** Records for the task follows **

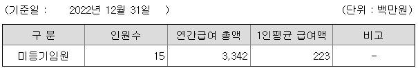 미등기임원의 평균연봉은 2억 2300만원이고 직원수는 15명입니다.
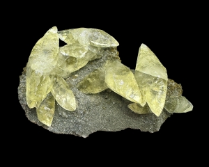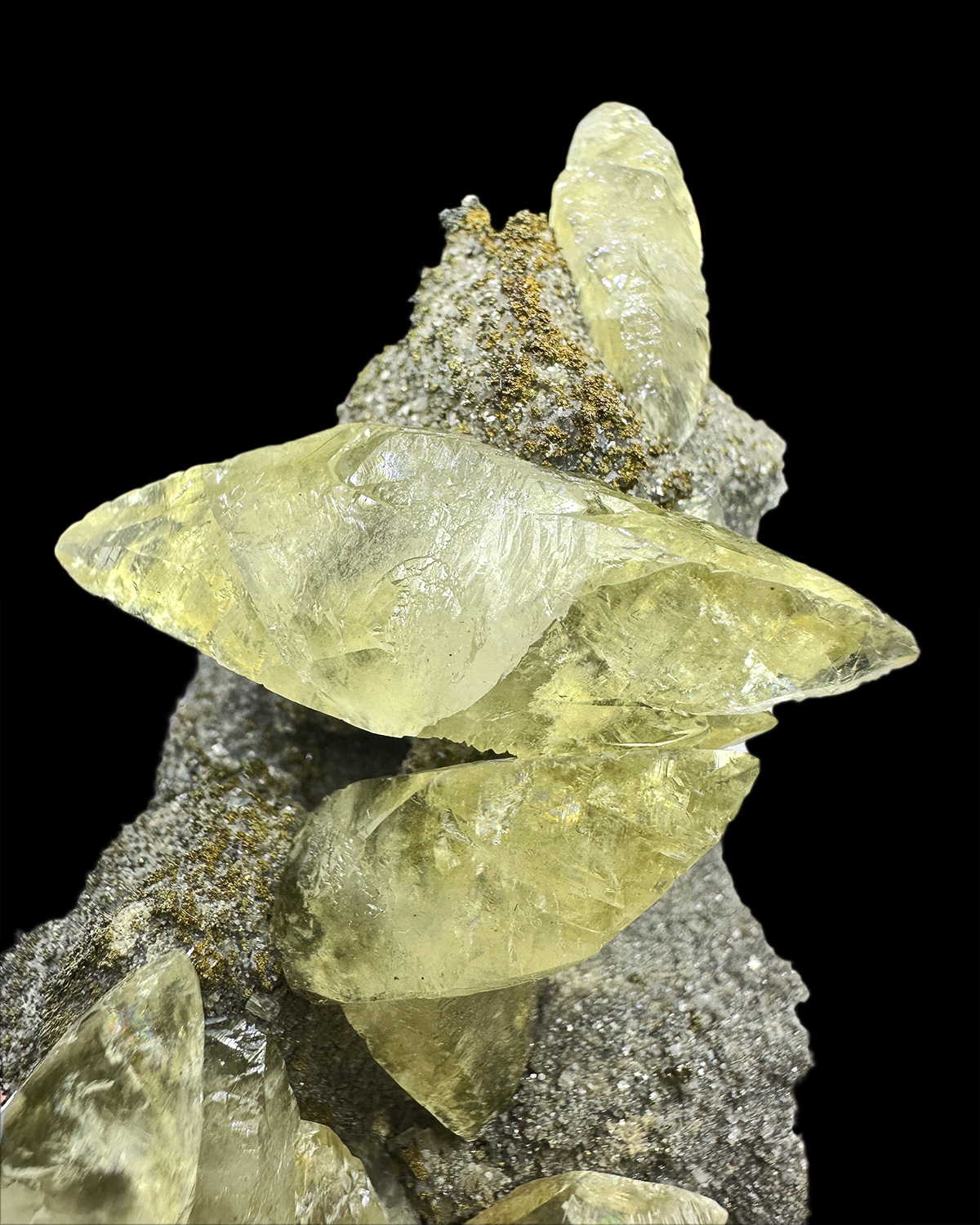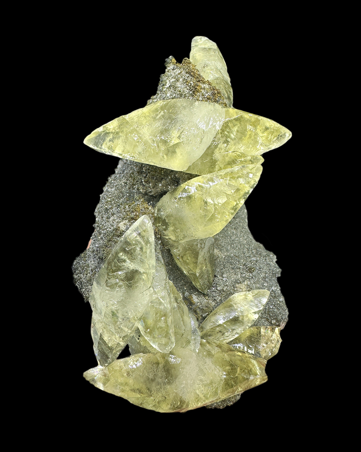 Aesthetic specimen of well-formed, mostly double ended, yellow calcite crystals, with sparkly pyrite, on matrix. Classic.
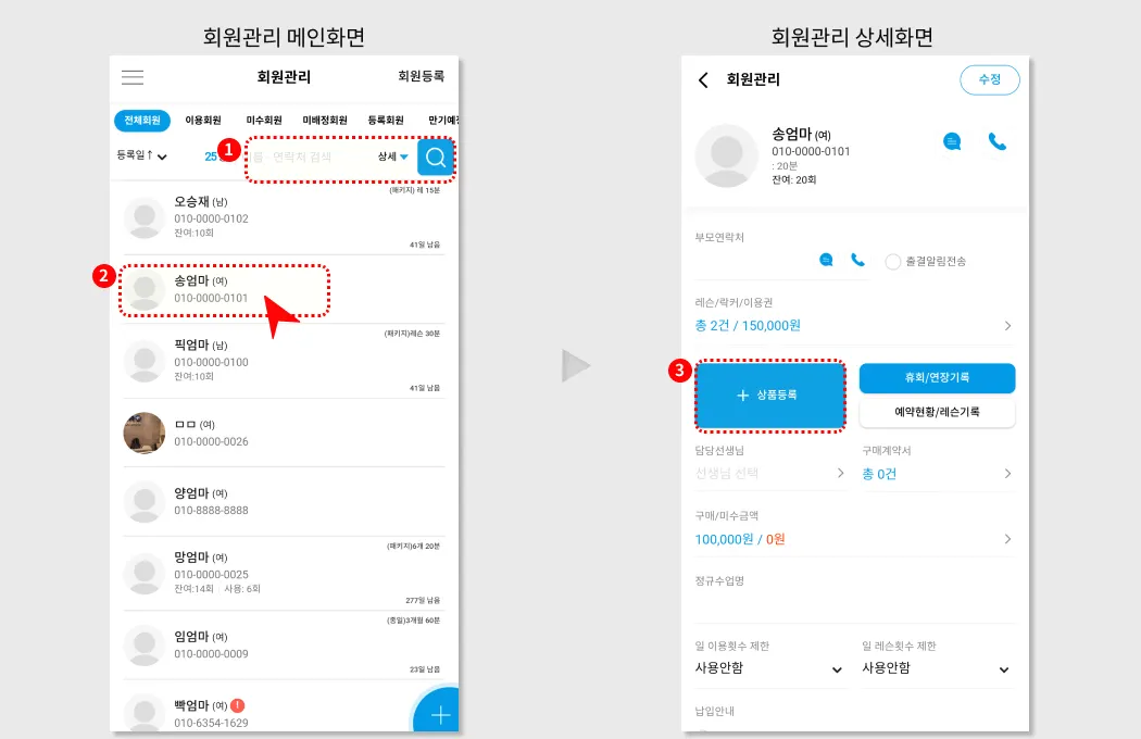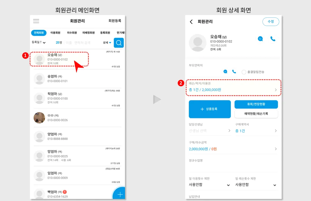 (메뉴 > 회원관리 > 회원상세 > 레슨/이용/락커권 )
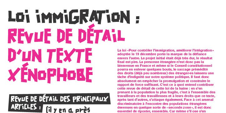 La loi « Pour contrôler l’immigration, améliorer l’intégration » adoptée le 19 décembre porte la marque de la défiance envers l’autre. Le projet initial était déjà très dur, le résultat final est pire. La personne étrangère n’est donc pas la bienvenue en France et même si le Conseil Constitutionnel pourra en enlever quelques bouts, le saccage prémédité des droits (déjà peu nombreux) des étranger-es laissera une tâche d’indignité sur notre système politique. Il faut donc absolument en empêcher la promulgation et construire le rapport de force suffisant. C’est ce à quoi entend contribuer cette revue de détail de cette loi de la haine : en s’en prenant à la population la plus fragile, c’est à l’ensemble des travailleurs et des travailleuses et à leurs droits que ce texte, après tant d’autres, s’attaque également. Face à cet arsenal discriminatoire à l’encontre des populations étrangères devenues en quelque sorte de « seconde zone », il est donc essentiel de riposter, ensemble. Car même s’il ose s’en défendre, ce sont bien les marqueurs racistes et xénophobes de l'extrême droite que Macron a fait imprimer à sa loi validée par sa majorité avec les voix du RN. C’est l’idée d’une France fermée, rance et apeurée, loin d’un pays d’ouverture et d’accueil qu’il vient d’imposer. Macron a ainsi fait sauter les dernières digues avec Le Pen, le mouvement social doit faire sauter cette loi et son monde.
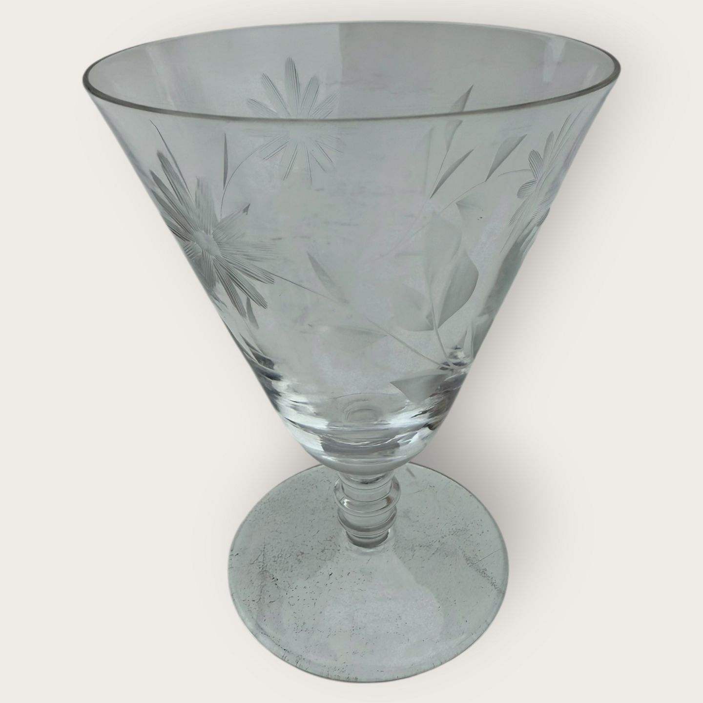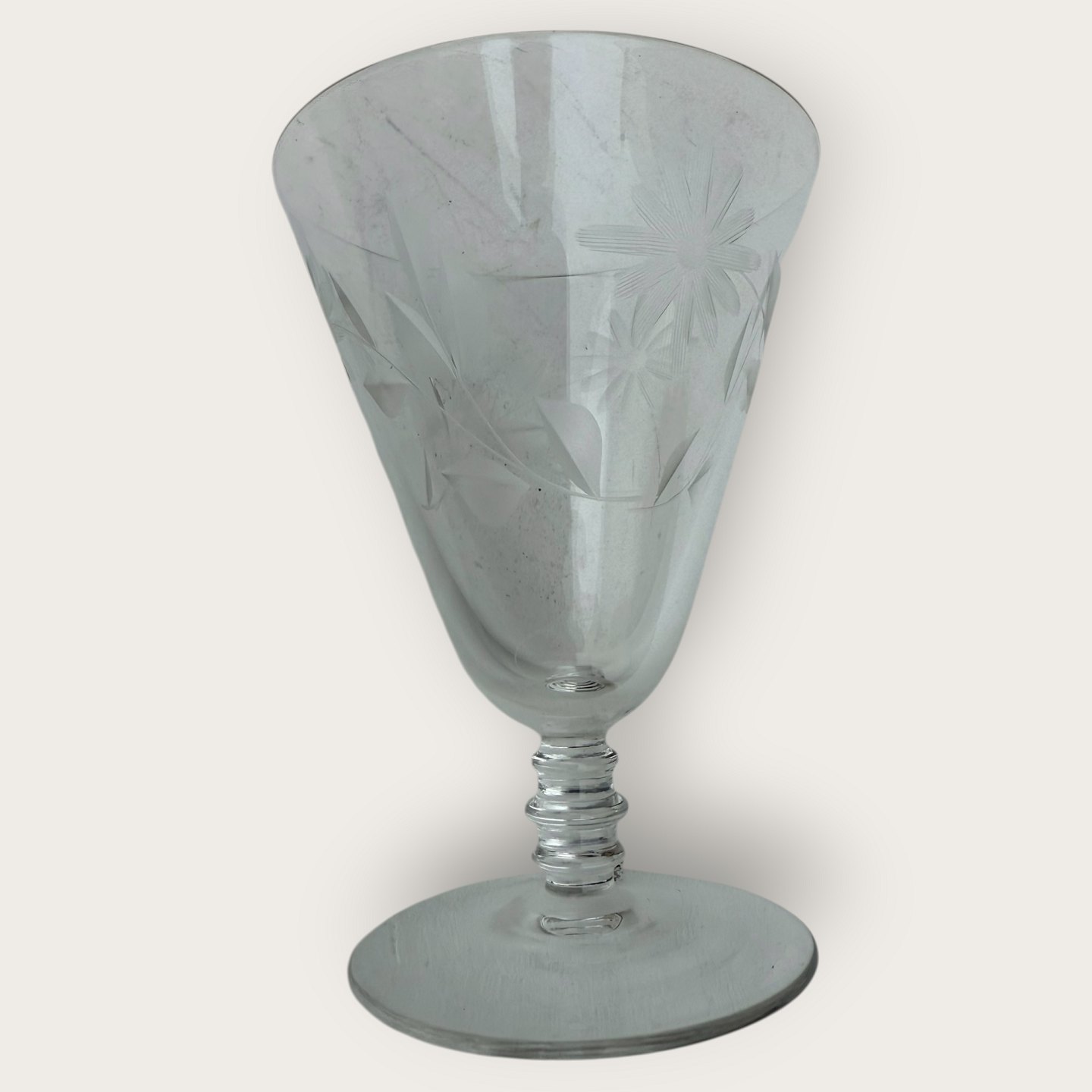 : Rødvinsglas med blomsterslibninger, Højde 11,7cm, diameter 9cm *pæn stand*

** End of Records for the task **

◆ Exercise details
Give all the records again, exactly, without images.

◆ Problem solution
 미등기임원의 평균연봉은 2억 2300만원이고 직원수는 15명입니다.
 Aesthetic specimen of well-formed, mostly double ended, yellow calcite crystals, with sparkly pyrite, on matrix. Classic.
 (메뉴 > 회원관리 > 회원상세 > 레슨/이용/락커권 )
 La loi « Pour contrôler l’immigration, améliorer l’intégration » adoptée le 19 décembre porte la marque de la défiance envers l’autre. Le projet initial était déjà très dur, le résultat final est pire. La personne étrangère n’est donc pas la bienvenue en France et même si le Conseil Constitutionnel pourra en enlever quelques bouts, le saccage prémédité des droits (déjà peu nombreux) des étranger-es laissera une tâche d’indignité sur notre système politique. Il faut donc absolument en empêcher la promulgation et construire le rapport de force suffisant. C’est ce à quoi entend contribuer cette revue de détail de cette loi de la haine : en s’en prenant à la population la plus fragile, c’est à l’ensemble des travailleurs et des travailleuses et à leurs droits que ce texte, après tant d’autres, s’attaque également. Face à cet arsenal discriminatoire à l’encontre des populations étrangères devenues en quelque sorte de « seconde zone », il est donc essentiel de riposter, ensemble. Car même s’il ose s’en défendre, ce sont bien les marqueurs racistes et xénophobes de l'extrême droite que Macron a fait imprimer à sa loi validée par sa majorité avec les voix du RN. C’est l’idée d’une France fermée, rance et apeurée, loin d’un pays d’ouverture et d’accueil qu’il vient d’imposer. Macron a ainsi fait sauter les dernières digues avec Le Pen, le mouvement social doit faire sauter cette loi et son monde.
 : Rødvinsglas med blomsterslibninger, Højde 11,7cm, diameter 9cm *pæn stand*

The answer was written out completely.